▶ _PROBLEM STATEMENT_
From the material below, set down exactly the lines that run from the one containing "Hokkaido Scallop【RM40/4pcs】 日本北海道进口的新鲜刺身带子,也就是日本人熟知的扇贝" to the one containing "Le mercredi 15", minus the pictures.
-- EXTRACTED RECORDS follows --
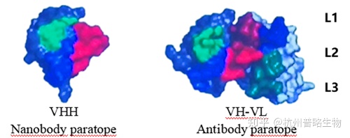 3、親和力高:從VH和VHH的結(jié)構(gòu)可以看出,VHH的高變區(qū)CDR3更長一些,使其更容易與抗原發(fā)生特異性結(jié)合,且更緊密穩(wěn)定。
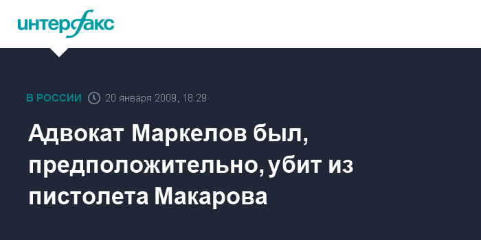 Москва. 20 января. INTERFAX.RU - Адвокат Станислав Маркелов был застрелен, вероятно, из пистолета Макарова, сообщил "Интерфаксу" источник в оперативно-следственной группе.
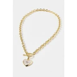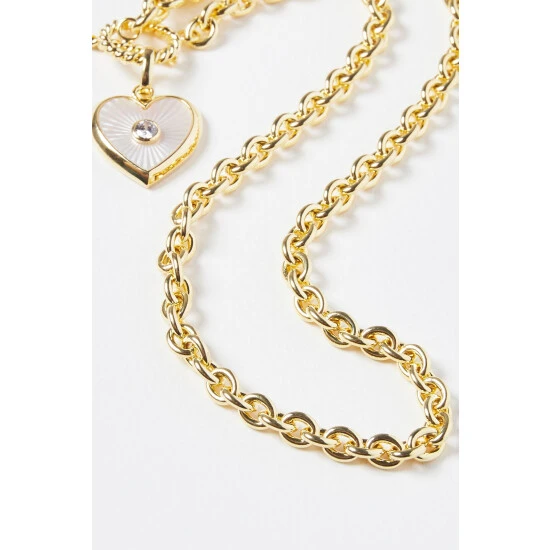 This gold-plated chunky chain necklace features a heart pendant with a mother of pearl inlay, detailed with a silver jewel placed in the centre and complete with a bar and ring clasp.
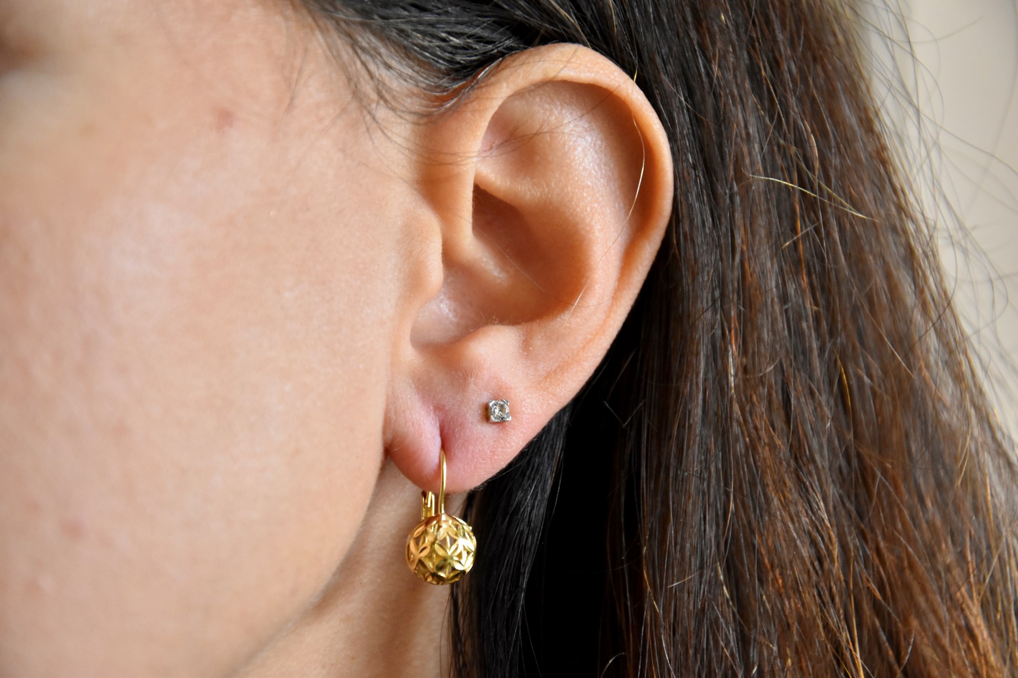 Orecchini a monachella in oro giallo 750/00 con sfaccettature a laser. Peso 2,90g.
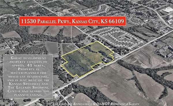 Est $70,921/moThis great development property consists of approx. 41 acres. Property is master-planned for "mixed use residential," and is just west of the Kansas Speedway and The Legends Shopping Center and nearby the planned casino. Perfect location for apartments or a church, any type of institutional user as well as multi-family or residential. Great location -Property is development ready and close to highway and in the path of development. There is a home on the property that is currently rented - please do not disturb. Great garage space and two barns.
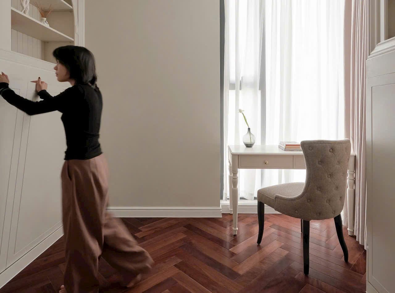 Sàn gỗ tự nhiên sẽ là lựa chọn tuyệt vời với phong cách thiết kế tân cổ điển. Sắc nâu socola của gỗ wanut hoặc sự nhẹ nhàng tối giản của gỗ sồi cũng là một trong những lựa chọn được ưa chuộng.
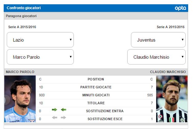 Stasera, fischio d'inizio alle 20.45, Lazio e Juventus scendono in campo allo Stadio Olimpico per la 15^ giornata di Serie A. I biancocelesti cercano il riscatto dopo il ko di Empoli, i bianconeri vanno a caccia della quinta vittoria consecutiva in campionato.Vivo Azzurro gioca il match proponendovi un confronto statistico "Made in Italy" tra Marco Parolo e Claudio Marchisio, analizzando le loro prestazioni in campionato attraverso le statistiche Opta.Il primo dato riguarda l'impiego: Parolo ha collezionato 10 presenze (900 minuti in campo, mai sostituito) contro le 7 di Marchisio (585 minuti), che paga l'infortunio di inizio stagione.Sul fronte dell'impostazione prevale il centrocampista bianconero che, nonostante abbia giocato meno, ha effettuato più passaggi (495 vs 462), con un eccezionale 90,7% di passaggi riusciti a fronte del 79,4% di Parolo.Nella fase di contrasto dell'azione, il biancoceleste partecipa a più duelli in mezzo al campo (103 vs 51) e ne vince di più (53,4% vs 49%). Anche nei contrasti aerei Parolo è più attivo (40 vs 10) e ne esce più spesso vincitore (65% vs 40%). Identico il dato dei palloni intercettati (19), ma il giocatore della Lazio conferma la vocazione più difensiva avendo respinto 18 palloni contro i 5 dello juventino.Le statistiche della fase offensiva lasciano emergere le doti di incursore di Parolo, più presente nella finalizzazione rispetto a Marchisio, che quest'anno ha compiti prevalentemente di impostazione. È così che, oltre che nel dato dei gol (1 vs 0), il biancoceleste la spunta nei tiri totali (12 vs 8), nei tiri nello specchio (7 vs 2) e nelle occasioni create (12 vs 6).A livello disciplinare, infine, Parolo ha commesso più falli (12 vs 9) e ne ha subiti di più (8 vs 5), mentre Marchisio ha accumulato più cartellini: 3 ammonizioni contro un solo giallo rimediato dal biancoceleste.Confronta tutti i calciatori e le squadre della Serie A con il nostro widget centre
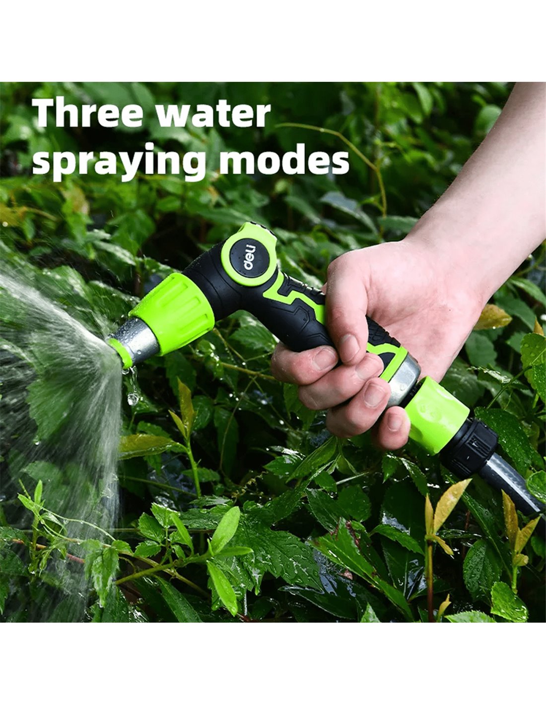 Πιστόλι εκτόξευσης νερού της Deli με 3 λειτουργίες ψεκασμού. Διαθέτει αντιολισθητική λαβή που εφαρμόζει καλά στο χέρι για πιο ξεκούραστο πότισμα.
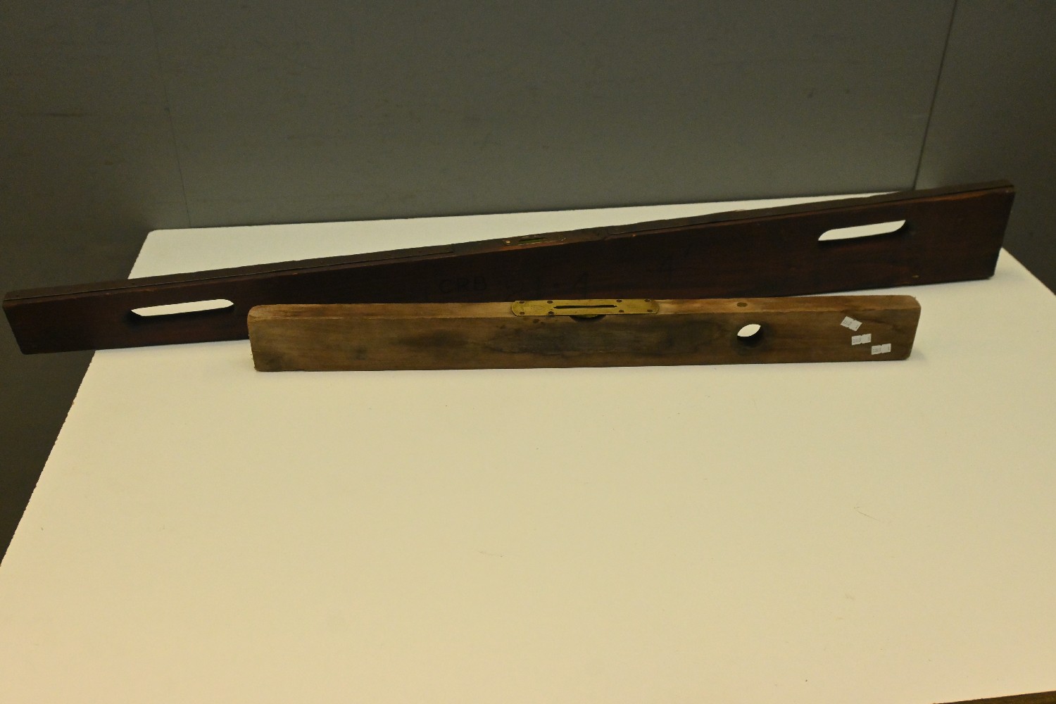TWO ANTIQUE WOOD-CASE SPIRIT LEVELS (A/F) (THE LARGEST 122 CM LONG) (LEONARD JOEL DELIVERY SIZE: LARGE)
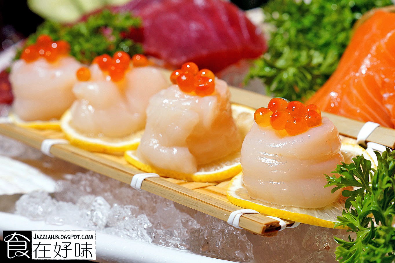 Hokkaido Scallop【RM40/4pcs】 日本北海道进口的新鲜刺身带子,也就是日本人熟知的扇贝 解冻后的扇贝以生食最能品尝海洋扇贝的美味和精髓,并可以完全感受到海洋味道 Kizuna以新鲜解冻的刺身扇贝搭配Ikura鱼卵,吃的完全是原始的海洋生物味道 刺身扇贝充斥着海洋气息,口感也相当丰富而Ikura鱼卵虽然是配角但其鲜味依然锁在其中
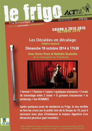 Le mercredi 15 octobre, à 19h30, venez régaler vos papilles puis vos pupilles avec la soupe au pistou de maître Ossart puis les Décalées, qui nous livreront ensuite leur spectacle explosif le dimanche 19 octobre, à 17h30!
-- EXTRACTED RECORDS concluded --
-- EXTRACTED RECORDS follows --
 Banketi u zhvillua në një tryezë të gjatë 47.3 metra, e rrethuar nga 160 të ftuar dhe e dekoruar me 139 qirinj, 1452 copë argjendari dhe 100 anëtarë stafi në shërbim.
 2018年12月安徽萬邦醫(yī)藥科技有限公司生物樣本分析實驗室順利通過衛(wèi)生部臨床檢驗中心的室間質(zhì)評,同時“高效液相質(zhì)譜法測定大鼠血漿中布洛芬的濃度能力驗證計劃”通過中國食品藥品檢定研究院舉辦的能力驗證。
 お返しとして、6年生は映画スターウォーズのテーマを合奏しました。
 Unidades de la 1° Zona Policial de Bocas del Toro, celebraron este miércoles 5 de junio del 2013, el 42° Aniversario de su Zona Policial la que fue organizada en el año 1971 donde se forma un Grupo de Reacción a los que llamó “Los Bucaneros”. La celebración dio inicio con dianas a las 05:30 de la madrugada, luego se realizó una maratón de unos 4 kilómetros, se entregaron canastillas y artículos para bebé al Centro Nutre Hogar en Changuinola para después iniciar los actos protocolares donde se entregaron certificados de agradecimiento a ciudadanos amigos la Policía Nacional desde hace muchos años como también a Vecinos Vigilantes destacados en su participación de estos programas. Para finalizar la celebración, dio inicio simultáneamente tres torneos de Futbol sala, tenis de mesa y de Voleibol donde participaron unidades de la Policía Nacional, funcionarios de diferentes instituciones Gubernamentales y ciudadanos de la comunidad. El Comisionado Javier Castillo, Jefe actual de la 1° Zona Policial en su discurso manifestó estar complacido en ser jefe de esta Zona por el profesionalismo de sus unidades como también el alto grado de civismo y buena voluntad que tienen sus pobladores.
-- EXTRACTED RECORDS concluded --
▶ _WRITTEN RESPONSE_
 Hokkaido Scallop【RM40/4pcs】 日本北海道进口的新鲜刺身带子,也就是日本人熟知的扇贝 解冻后的扇贝以生食最能品尝海洋扇贝的美味和精髓,并可以完全感受到海洋味道 Kizuna以新鲜解冻的刺身扇贝搭配Ikura鱼卵,吃的完全是原始的海洋生物味道 刺身扇贝充斥着海洋气息,口感也相当丰富而Ikura鱼卵虽然是配角但其鲜味依然锁在其中
 Le mercredi 15 octobre, à 19h30, venez régaler vos papilles puis vos pupilles avec la soupe au pistou de maître Ossart puis les Décalées, qui nous livreront ensuite leur spectacle explosif le dimanche 19 octobre, à 17h30!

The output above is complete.